Ocean View Elementary Boasts Blue Ribbon VictoryOcean View Elementary School is busy making waves- nationally!
Last week, U.S. Secretary of Education Margaret Spelling named 320 schools as the 2008 No Child Left Behind Blue Ribbon Schools, and Ocean View made the list. One of only 11 schools in Virginia to earn the top honor, Ocean View is the only school which boasts a Blue Ribbon this year in Hampton Roads. Norfolk’s Taylor Elementary School earned the honor last year.
“This just affirms for us that every member of our staff has a firm commitment to the mission of ensuring every child, in every grade, is proficient in every subject,” said Principal Lauren Campsen. “We take personal responsibility that all means all and it shows.”
The Blue Ribbon Schools Program honors public and private elementary, middle and high schools that are either academically superior or that demonstrate dramatic gains in student achievement to high levels. And Ocean View has the numbers to prove they deserve such high honors.
There is virtually no achievement gap at the diverse elementary school. Special education and regular education students alike, score above 80 percent on every SOL test. So do African American, Caucasian and Hispanic students.

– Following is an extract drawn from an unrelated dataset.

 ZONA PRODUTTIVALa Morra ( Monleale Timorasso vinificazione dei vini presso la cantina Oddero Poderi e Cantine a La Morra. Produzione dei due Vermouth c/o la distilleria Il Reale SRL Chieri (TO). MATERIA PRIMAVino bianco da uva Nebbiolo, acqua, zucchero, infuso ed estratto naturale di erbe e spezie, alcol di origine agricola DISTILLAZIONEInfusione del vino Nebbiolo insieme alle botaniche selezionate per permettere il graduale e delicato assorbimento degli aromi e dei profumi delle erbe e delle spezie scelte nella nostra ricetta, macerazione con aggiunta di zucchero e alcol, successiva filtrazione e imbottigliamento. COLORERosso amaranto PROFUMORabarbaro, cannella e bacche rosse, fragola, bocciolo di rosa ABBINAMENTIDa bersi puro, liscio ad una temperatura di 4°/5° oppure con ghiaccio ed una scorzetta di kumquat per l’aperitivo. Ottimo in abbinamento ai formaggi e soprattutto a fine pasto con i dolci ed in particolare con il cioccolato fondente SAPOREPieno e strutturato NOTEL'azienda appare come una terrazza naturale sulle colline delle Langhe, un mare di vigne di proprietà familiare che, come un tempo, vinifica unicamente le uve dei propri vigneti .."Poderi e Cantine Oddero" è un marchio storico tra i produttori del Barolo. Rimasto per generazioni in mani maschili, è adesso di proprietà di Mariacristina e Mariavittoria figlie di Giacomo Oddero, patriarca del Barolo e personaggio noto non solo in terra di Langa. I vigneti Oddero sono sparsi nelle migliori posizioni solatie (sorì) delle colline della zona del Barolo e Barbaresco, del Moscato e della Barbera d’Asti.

Such numbers are a far different picture than what Ocean View had just eight years ago.
The reason behind such high numbers, Campsen said, is the dedication of her staff to always use data to guide their way.
“They are your kids whether they are gifted and talented, ESL, special education, or from different cultural backgrounds and they all have areas where you can help them improve,” Campsen said. “What we have done is changed our approach, what the adults in the building do, to see that no child is missed.”

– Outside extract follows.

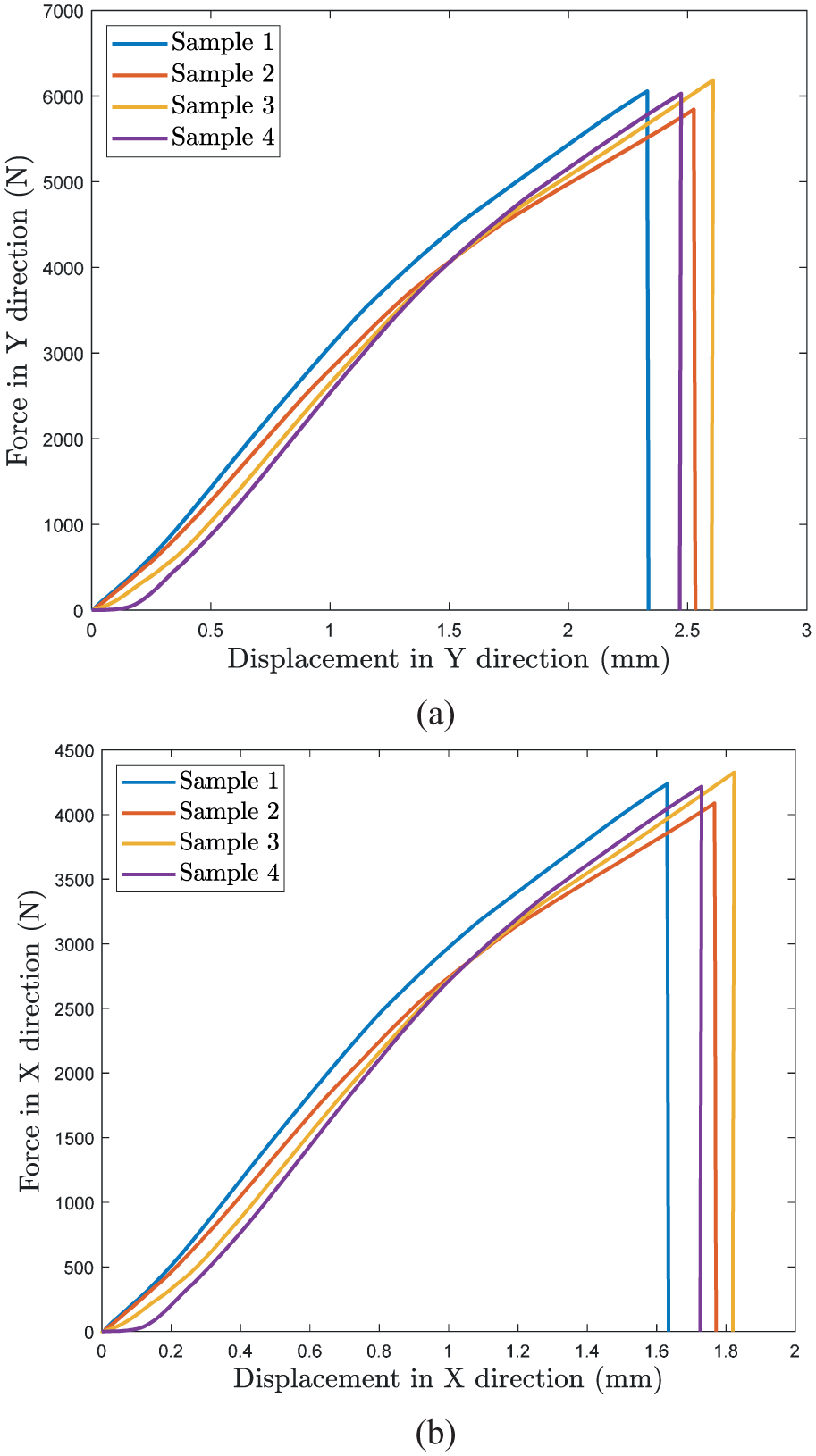 Femur neck bone force versus displacement curve for 4 samples in: (a) Y direction and (b) X direction.

In fact, at Ocean View, if a child’s name pops up as missing a skill, an “intervention” takes place. This could be done by the classroom teacher, a volunteer, another school faculty member, or even the principal herself.
Interventions involve work on a skill a student is weak in. Sometimes it is done in group rotations, in one-on-one sessions, or even by students in a higher grade as a chance to do a review.
Debbie Price, a third grade teacher at Ocean View since 2000, said that it is the data-driven interventions that have made a real difference in student achievement.
“The data is so important because it helps identify strengths and weaknesses and gives you a place to start,” Price said. “Even the students are getting involved and now they are not asking ‘Am I passing?’ but it is ‘Am I proficient?’ so their mindsets have changed too.”